Thanks to reader, Olivia, who also recommends to turn off the paging file in not only the system properties, but also in the registry. I haven’t noticed any particular difference in performance after editing the registry, but I figure it couldn’t hurt. If anyone notices a difference, please let me know.
You should not disable the paging file if you have not upgraded the RAM to the 1.5G maximum. If the computer does not have enough available real memory and no virtual memory, the system will crash. However, if you have upgraded the RAM, turning off the paging file will make your netbook a bit faster. First turn off the paging file in the system. You can disable it in the control panel:
CONTROL PANEL > SYSTEM > SYSTEM >ADVANCED(tab) > PERFORMANCE(SETTINGS) > ADVANCED(tab) > VIRTUAL MEMORY(CHANGE)

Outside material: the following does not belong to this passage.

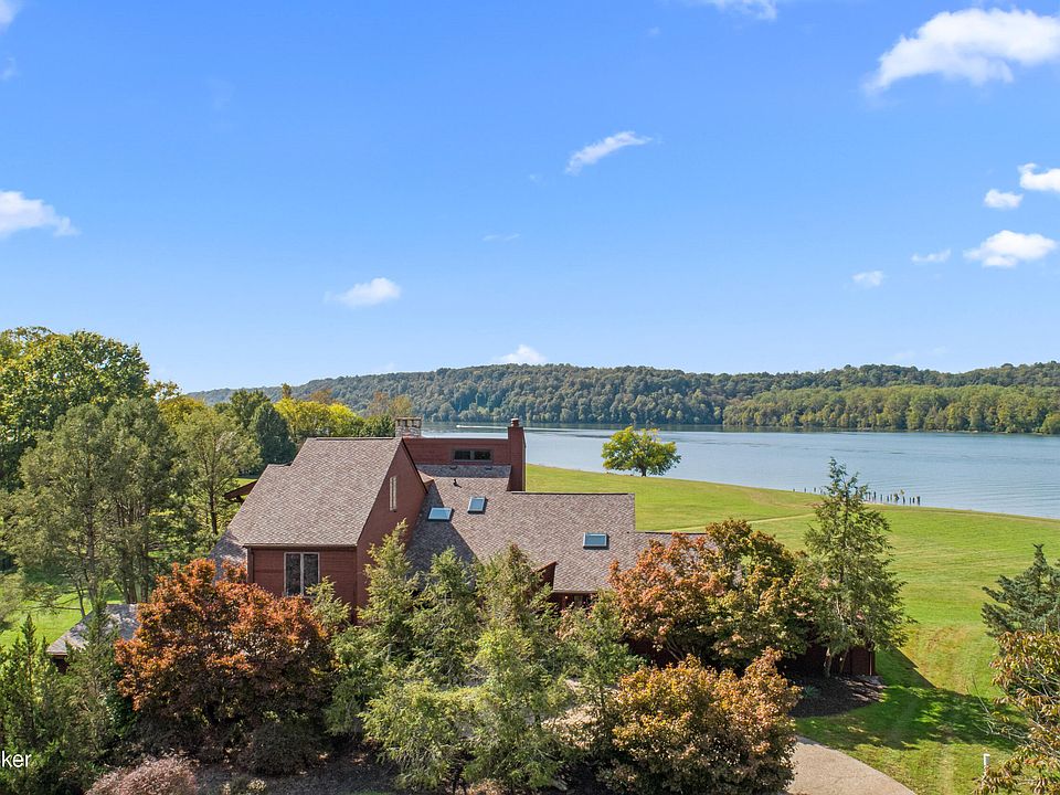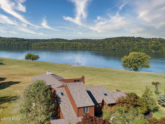 PARADISE FOUND! Welcome to this truly extraordinary house. It's like owning your own country club, entertainment mecca, and golf course. Did I forget to mention that there's an unbelievable view of the Ohio River? You can also enjoy your own swimming pool, theater room, spa room with sauna and hot tub, plus a 2nd floor golf simulator room, where you can play virtually any course in the world. The first floor also includes 2 bedrooms, 2 full baths, mud room, laundry, wet bar, game room with fireplace, dining area with fireplace, and a massive great room and kitchen with fireplace that opens to the pool deck as well as a stone and wood porch with an outdoor fireplace overlooking the river. The view will knock your socks off! Upstairs, enjoy the huge principal bedroom with fireplace and porch overlooking the river, an ensuite bathroom, plus two large closets. Another large bedroom suite has a full bath and balcony. Next to the golf simulator room is a recreational room with a loft. The lower level features a large, walkout basement. The first level contains a 3-car garage with access to the mud room. The property includes a new roof, new copper gutters and downspouts, new exterior stain and new skylights. The only thing missing is the lucky new owner. The property has never before been offered for sale. Boat owners should inquire at the Cardinal Harbour Marina for a key fob that allows a boat to be launched from the ramp.

Reader Olivia suggests to also turn off the paging file in the registry:
START > RUN > (type) REGEDIT
Follow the directory structure to: HKEY_LOCAL_MACHINE\SYSTEM\CurrentControlSet\Contro l\Session Manager\Memory Management\DisablePagingExecutive
Double click DisablePagingExecutive
Set the value to be “1″
Restart your computer
Larry, a MS MCSA commented advising against doing this and explains in detail why.
There is a great deal of confusion on the internet regarding the pagefile and the “DisablePagingExecutive” registry entry. This article is as confused as any I have seen.
Disabling the pagefile will most certainly NOT prevent paging. It will probably increase it. Paging of program code, DLL’s etc., can not be prevented and does not use the pagefile. There is no need to copy this code to the pagefile as it can simply be reloaded from the original files. Disabling the pagefile only prevents paging of modified data. This unbalances the memory management system and will probably impair performance. In some cases this impairment can be severe.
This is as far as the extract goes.